We have seen in the HotROD demo that the calculation of the shortest route performed by the route service is a relatively expensive operation (probably CPU intensive). It would be nice if we could calculate how much CPU time we spend per customer. However, the route service is an example of a shared infrastructure resource that is further down the architectural layers from the point where we know about the customer. It does not need to know about the customer in order to calculate the shortest route between two points.

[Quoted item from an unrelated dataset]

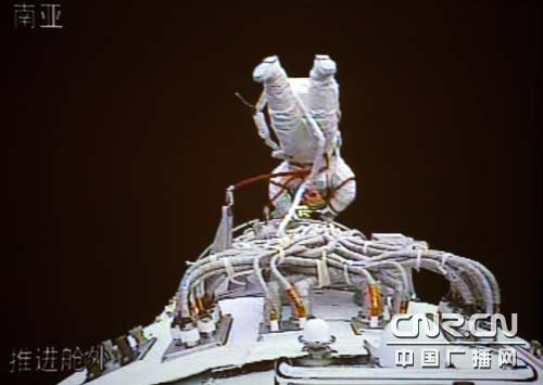 艙外航天員身上的安全掛鉤將航天員與神七飛船緊密相連。(中廣網(wǎng)記者南光 曹囡囡攝)

Passing the customer ID to the route service just to measure the CPU usage would be poor API design. Instead, we can use the distributed metadata propagation built into the tracing instrumentation. In the context of a trace, we know for which customer the system is executing the request, and we can use metadata (baggage) to transparently pass that information throughout the architecture layers, without changing all the services to accept it explicitly.

If we want to perform CPU usage aggregation by some other dimension, say, the session ID from the JavaScript UI, we can do so without changing all the components as well.

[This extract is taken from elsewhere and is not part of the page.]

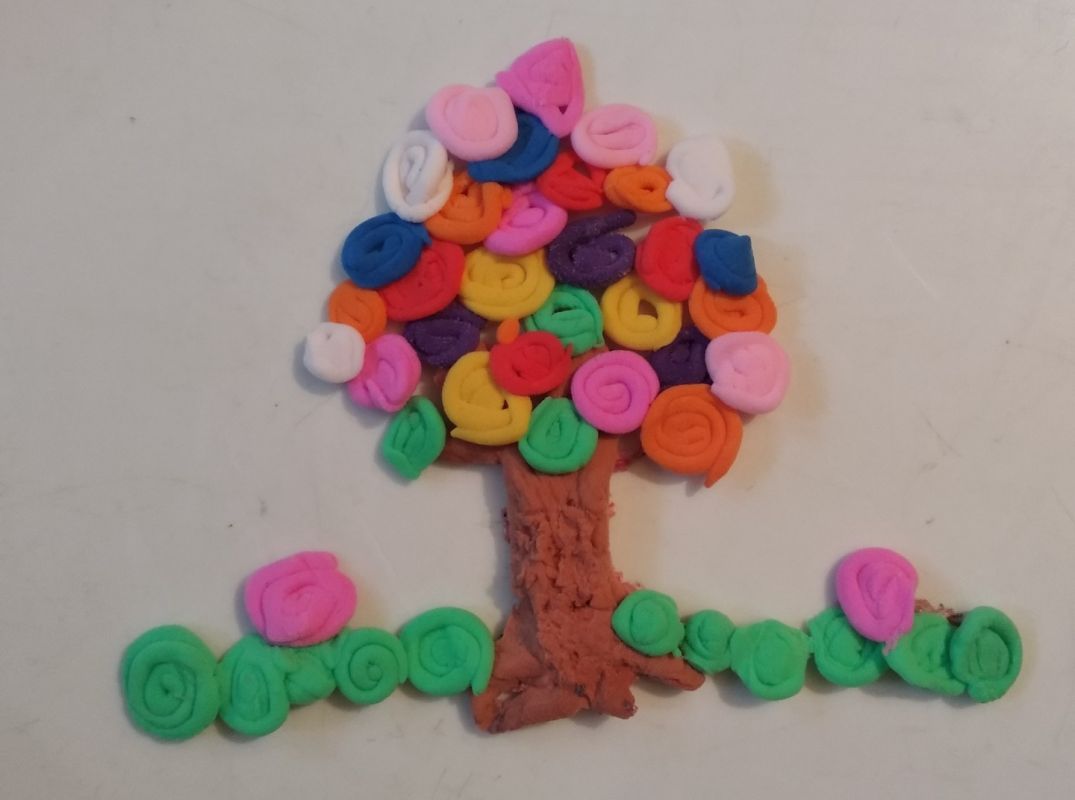 Фигурку для украшения можно сделать любую. В данном случае это дерево, которое легко изготовить без дополнительных художественных навыков. Просто раскатываем тоненькие колбаски и скручиваем их в «бублики». Ствол — прямоугольник, по краям делаем подобие корней и веток, рисунок «коры» наносим зубочисткой.

To demonstrate this approach, the route service contains the code to attribute the CPU time of calculations to the customer and session IDs, which it reads from the baggage. In the services/route/server.go file, we can see this code:

func computeRoute(
    ctx context.Context, 
    pickup, dropoff string,
) *Route {
    start := time.Now()
    defer func() {
        updateCalcStats(ctx, time.Since(start))
    }()
    // actual calculation ...
}

As with the instrumented mutex we saw earlier, we don't pass any customer/session IDs because they can be retrieved from baggage via the context. The code actually uses some static configuration to know which baggage items to extract and how to report the metrics.

var routeCalcByCustomer = expvar.NewMap(
    "route.calc.by.customer.sec",
)
var routeCalcBySession = expvar.NewMap(
    "route.calc.by.session.sec",
)
var stats = []struct {
    expvar  *expvar.Map
    baggage string
}{
    {routeCalcByCustomer, "customer"},
    {routeCalcBySession, "session"},
}

This code uses the expvar package ("exposed variables") from Go's standard library. It provides a standard interface to global variables that can be used to accumulate statistics about the application, such as operation counters, and it exposes these variables in JSON format via an HTTP endpoint, /debug/vars.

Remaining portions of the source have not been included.